Bittelman was active in the Jewish Socialist Federation of the Socialist Party of America from 1915. A committed Marxist and revolutionary, Bittelman was an adherent of the Left Wing Section of the Socialist Party when it emerged early in 1919. In September of that year, he was a founding member of the Communist Party of America (CPA) and editor of the Yiddish-language newspaper, Der Kampf (The Struggle).

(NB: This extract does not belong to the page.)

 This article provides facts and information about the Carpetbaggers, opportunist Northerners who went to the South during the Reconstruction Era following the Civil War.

At the convention in Chicago that founded the CPA, Bittelman was one of the nine members of the committee that wrote the program for the organization. He was a member of the governing Central Executive Committee of the Jewish Communist Federation from 1919 to 1920 and was elected a member of the Central Executive Committee of the CPA and its Executive Council in 1920. His most commonly used underground party name during this period was "A. Raphael." Bittelman also variously used the pseudonyms "Gabriel," "Williams," "Percy," "Ralph Barnes," and "Lentrov" in various circumstances.

According to the U.S. Department of Justice in 1948, Bittelman maintained as many as 14 aliases up to that time.

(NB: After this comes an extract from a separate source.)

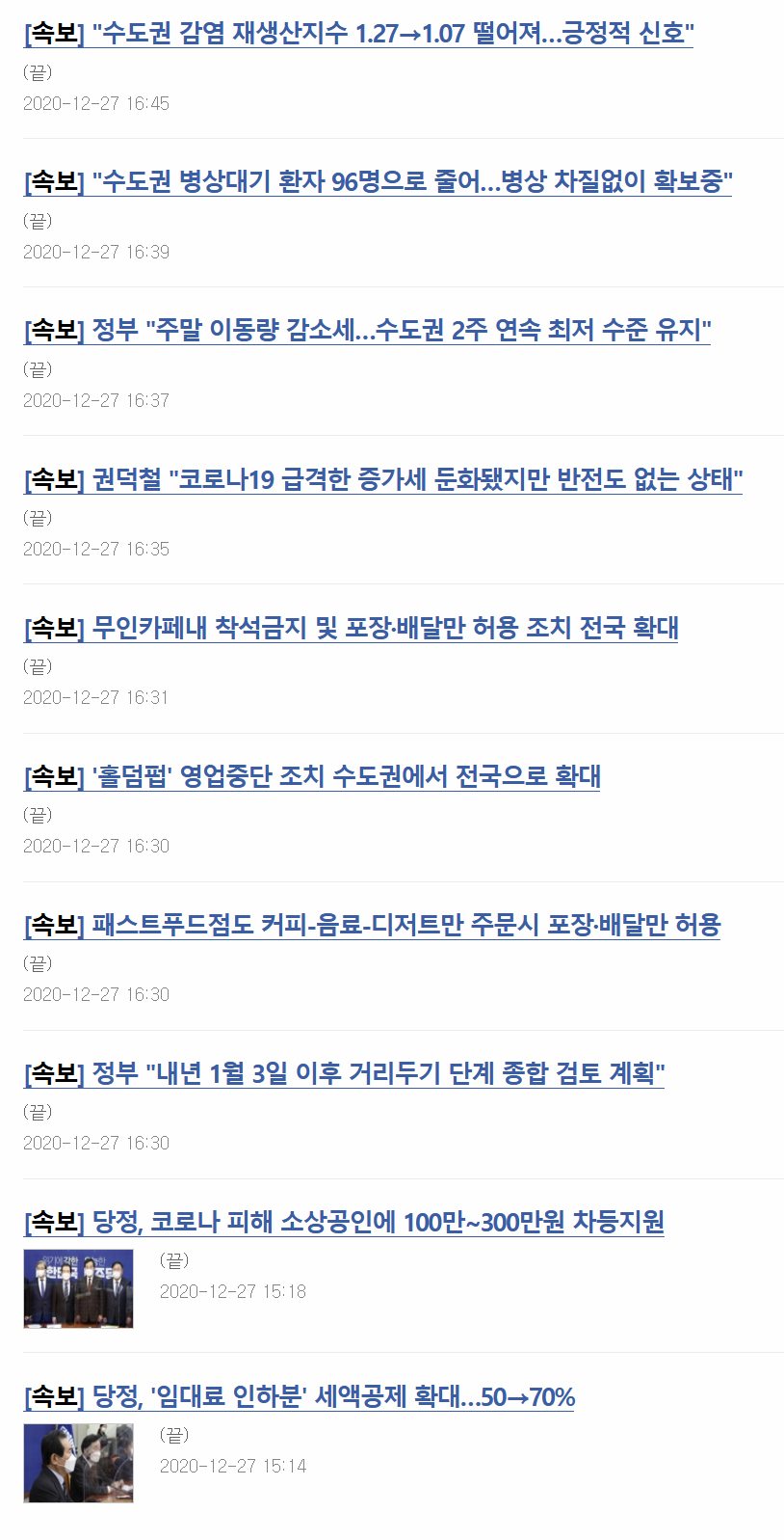 오늘 권덕철 장관의 브리핑 데뷔였는데, 역시나 3단계 예고가 며칠 전까지 없었기에 예상이 되었지만, 3단계는 안 가고, 2.5단계 연장에, 일부 조치들은 수도권 외 지역으로도 확대 적용한다고 합니다. https://www.yna.co.kr/view/AKR20201227040551530 *종합기사로 수정했습니다. https://www.yna.co.kr/view/AKR20201227033651060 https://youtu.be/HsVCjBeExE0 ===== 보도자료 올라왔습니다. https://www.mohw.go.kr/react/al/sal0301vw.jsp?PAR_MENU_ID=04&MENU_ID=0403&page=1&CONT_SEQ=362656 0

Bittelman remained with the main CPA organization l, when Executive Secretary C.E. Ruthenberg led a group of his supporters out of the organization in April 1920 to join the rival Communist Labor Party in a new United Communist Party (UCP). He saw the way that the internecine struggle between the two organizations was sapping the strength of the revolutionary socialist movement, however, and came to be an advocate of organizational unity between the CPA and the UCP. During the first half of 1921, Bittelman formed a group advocating merger of the competing communist groups in accordance with the directives of the Communist International. That, ironically, made Bittelman persona non grata with both organizations and he was briefly expelled from the CPA. Together with his co-thinker Maximilian Cohen, Bittelman formed a third group critical of the leaderships of both the CPA and the UCP called Communist Unity Committee, in which Bittelman served as secretary. Merger was finally accomplished at a convention held in May 1921, and Bittelman was welcomed back into the newly unified Communist Party of America.

Bittelman was put into the Central Executive of the unified Communist Party of America. In July 1922, he was sent with James P. Cannon to Moscow, as representatives there of the CPA. He returned later that same year to serve on the Executive Council of the Central Executive Committee of the Workers Party of America, the so-called "Legal Political Party" initiated and controlled by the secret CPA.

Bittelman was regularly a delegate to the conventions of the American Communist Party. He was a close factional associate of William Z. Foster and James P. Cannon against the faction headed by John Pepper and including C.E. Ruthenberg and Jay Lovestone, during the bitter faction fights of the 1920s.

Bittelman was editor of The Daily Worker Saturday magazine from 1926 to 1927.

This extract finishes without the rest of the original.